The liquid crystalline polymer can be dissolved in a solvent to be used as a retardation layer composition. The retardation layer composition may appropriately be mixed with a photopolymerization initiator, a surfactant, and a component usually included in a polymerizable composition that is polymerizable by light or heat.
Examples of the solvent used for the retardation layer composition include toluene, ethylbenzene, ethylene glycol monomethyl ether, ethylene glycol dimethyl ether, propylene glycol methyl ether, dibutyl ether, acetone, methyl ethyl ketone, ethanol, propanol, cyclohexane, cyclopentanone, methylcyclohexane, tetrahydrofuran, dioxane, cyclohexanone, n-hexane, ethyl acetate, butyl acetate, propylene glycol methyl ether acetate, methoxy butyl acetate, N-methyl pyrrolidone, and dimethylacetamide.
The photopolymerization initiator can be any known general photopolymerization initiator used to form a uniform film by application of a small amount of light. Specific examples thereof include azonitrile-based photopolymerization initiators such as 2,2′-azobisisobutyronitrile and 2,2′-azobis(2,4-dimethylvaleronitrile); x-amino ketone-based photopolymerization initiators such as IRGACURE 907 (available from Ciba Specialty Chemicals Inc.) and IRGACURE 369 (available from Ciba Specialty Chemicals Inc.); acetophenone-based photopolymerization initiators such as 4-phenoxydichloro acetophenone and 4-t-butyldichloroacetophenone; benzoin-based photopolymerization initiators such as benzoin and benzoin methyl ether; benzophenone-based photopolymerization initiators such as benzophenone and benzoylbenzoic acid; thioxanthone-based photopolymerization initiators such as 2-chlorothioxanthone and 2-methylthioxanthone; triazine-based photopolymerization initiators such as 2,4,6-trichloro-s-triazine and 2-phenyl-4,6-bis(trichloromethyl)-s-triazine; carbazole-based photopolymerization initiators, and imidazole-based photopolymerization initiators. Any of these photopolymerization initiators may be used alone or two or more of these may be used in combination.

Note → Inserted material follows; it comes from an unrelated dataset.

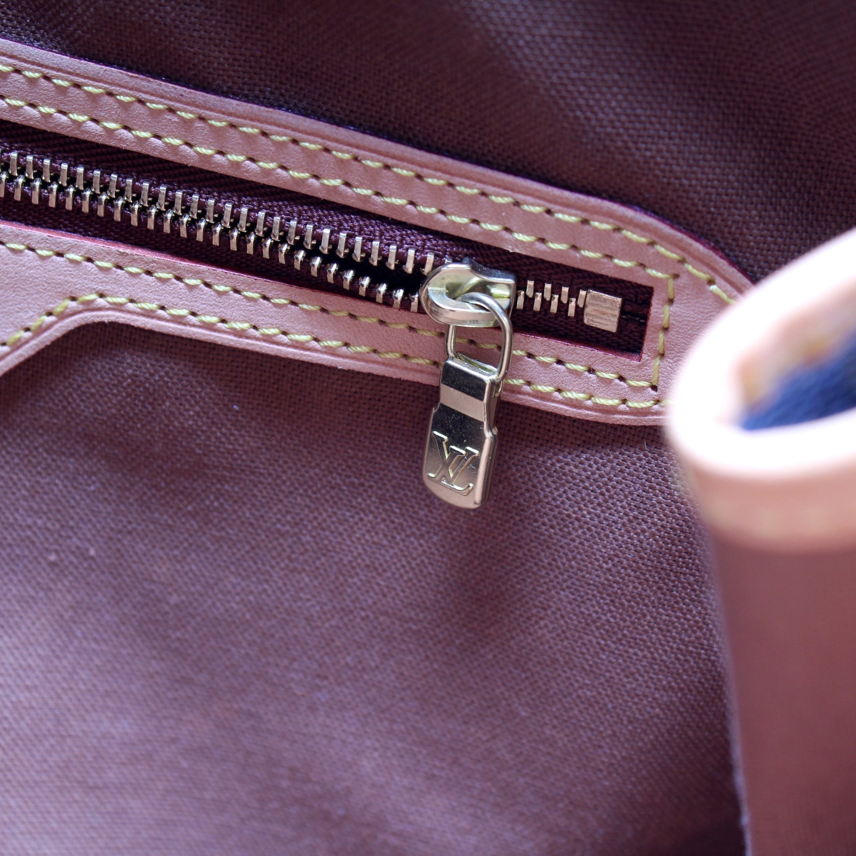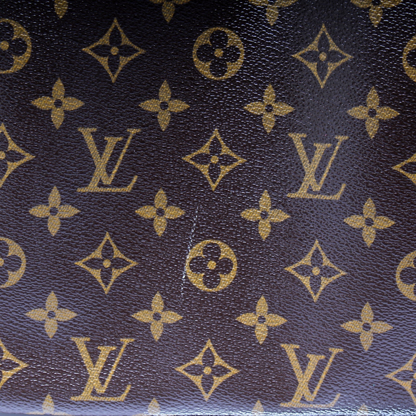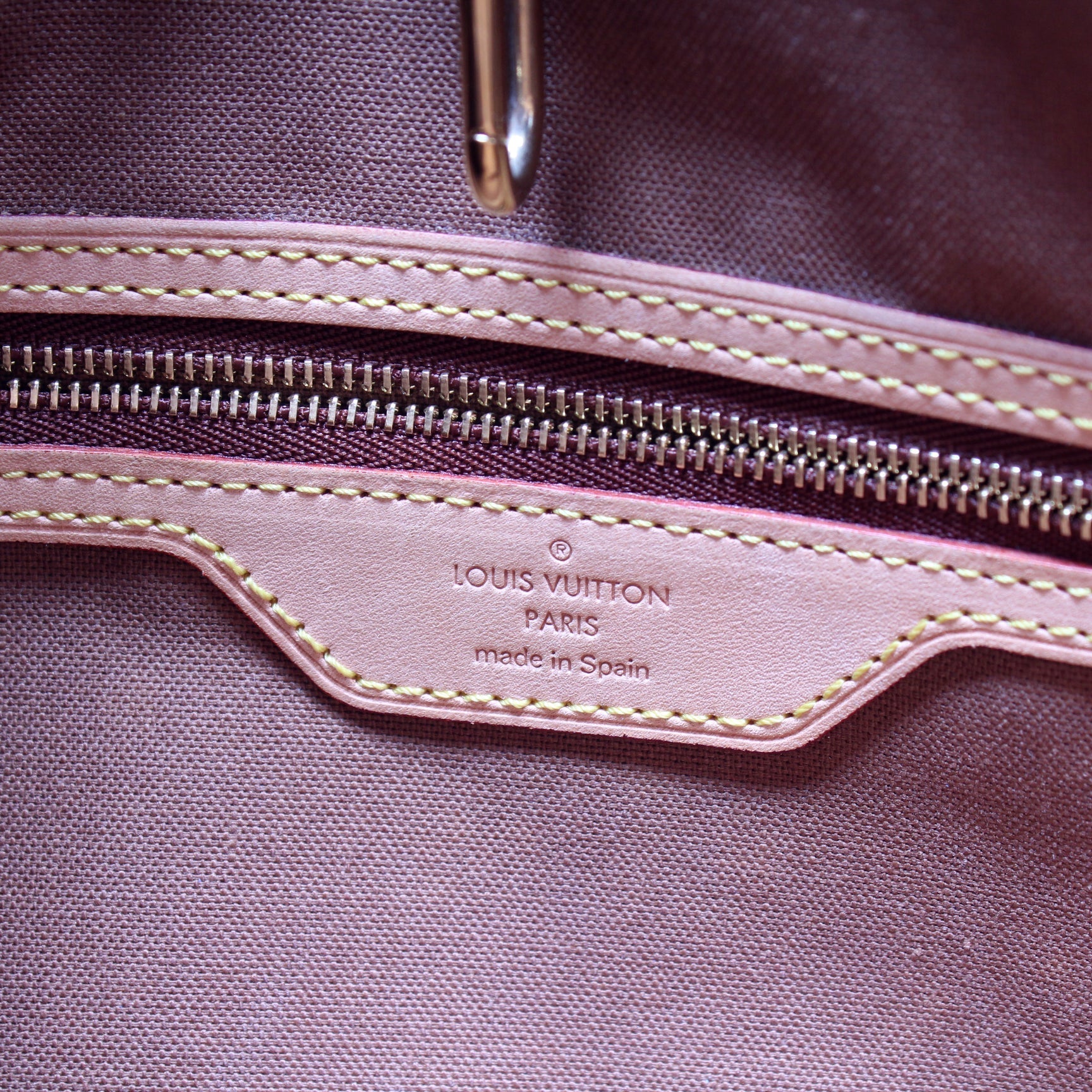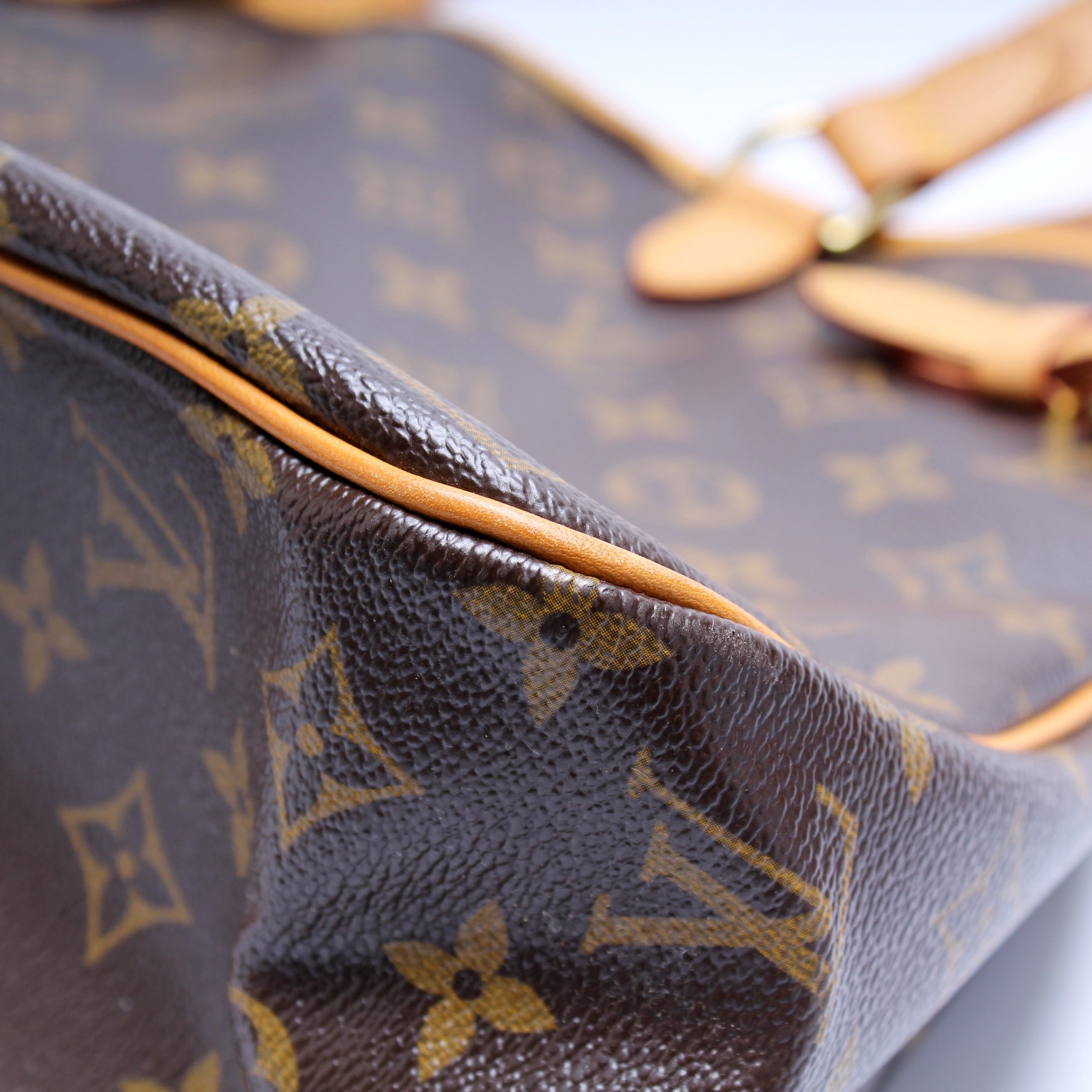 Exterior: The exterior coated canvas is free from any rips or cracks. The leather trim shows minor signs of wear and discoloration.

The surfactant can be any surfactant generally used to form a uniform film. Specific examples thereof include anionic surfactants such as sodium lauryl sulfate and ammonium lauryl sulfate; nonionic surfactants such as polyethylene glycol monolaurate and sorbitan stearate; cationic surfactants such as stearyltrimethylammonium chloride and behenyltrimethylammonium chloride; amphoteric surfactants such as alkyl betaines including lauryl betaine and alkyl sulfobetaine, alkyl imidazoline, and sodium lauroyl sarcosinate; and surfactants such as BYK-361, BYK-306, BYK-307 (available from BYK Japan KK), Fluorad FC430 (available from Sumitomo 3M Limited), and Megaface F171 and R08 (available from DIC Corporation). Any of these surfactant may be used alone or two or more of these may be used in combination.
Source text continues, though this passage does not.